Tuesday, September 20, 2011

Musical Monday -- Keep the Home Fires Burning

Aw, heck. My first musical Monday will just have to be put up on a Tuesday. Oh well.

Patriotic music from all periods has a special place in my heart – I spent the second semester of freshman year listening to nothing but World War Two musical propaganda for a twenty page paper and wrote another essay sophomore year on Irish Nationalism in song. The way people talk about the way they love their country or how they think we should deal with war in music has always been fascinating to me, and let me tell you, while World War Two has some real eye-rollers (Praise the Lord and Pass the Ammunition comes to mind) it has absolutely nothing on World War One. (George Cohan, I am looking at you.) So, without further delay, our first
Musical Monday!






Keep the Home Fires Burning, written by Ivor Novello with lyrics by Lena Guilbert Ford, published 1914, republished 1915.

Today’s Musical Monday selection was chosen for two purposes. The first, because it is a song written early on in the war and contains its own special brand of home front patriotism, and the second, because it was written by a character in another Julian Fellowes production -- wartime song writer, actor and playwright Ivor Novello, played superbly by Jeremy Northam in the Oscar winning Gosford Park.

The song is better known by the title I’ve given it here, but it was originally published as Till The Boys Come Home. Over the course of the war, it was recorded by James F. Harrison, Stanley Kirkby, and one of my personal favorite recording artists from the period, John McCormack. Apparently the popularity of the song was one of the reasons Novello went on to become such a big star after the war.

The lyrics are almost absurdly sentimental by our standards, and yet, one can see why this would have been a popular song at home throughout the war – no mention is made of war’s difficulties except in an offhand way, saying only that to cry for them would only add to their soldierly burdens.

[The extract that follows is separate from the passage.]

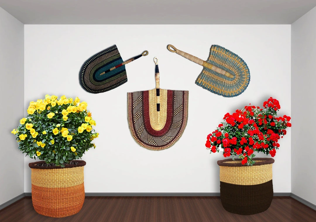 Style this Small Sky Blue & Sun Fan on a wall either alone for a minimalist look, or with other wall art for a dynamic look. Try it on a bookshelf to create a textured display. Includes a leather handle.

They were summoned from the hillside,
They were called in from the glen,
And the country found them ready
At the stirring call for men.
Let no tears add to their hardships
As the soldiers pass along,
And although your heart is breaking,
Make it sing this cheery song:

Keep the Home Fires Burning,
While your hearts are yearning.
Though your lads are far away
They dream of home.
There's a silver lining
Through the dark clouds shining,
Turn the dark cloud inside out
Till the boys come home.

The song was also included in the 1969 musical ‘Oh, What a Lovely War,’ which I’ll be featuring on another of my Cinematic Sundays. I include both that movie’s treatment of the song and McCormack’s here.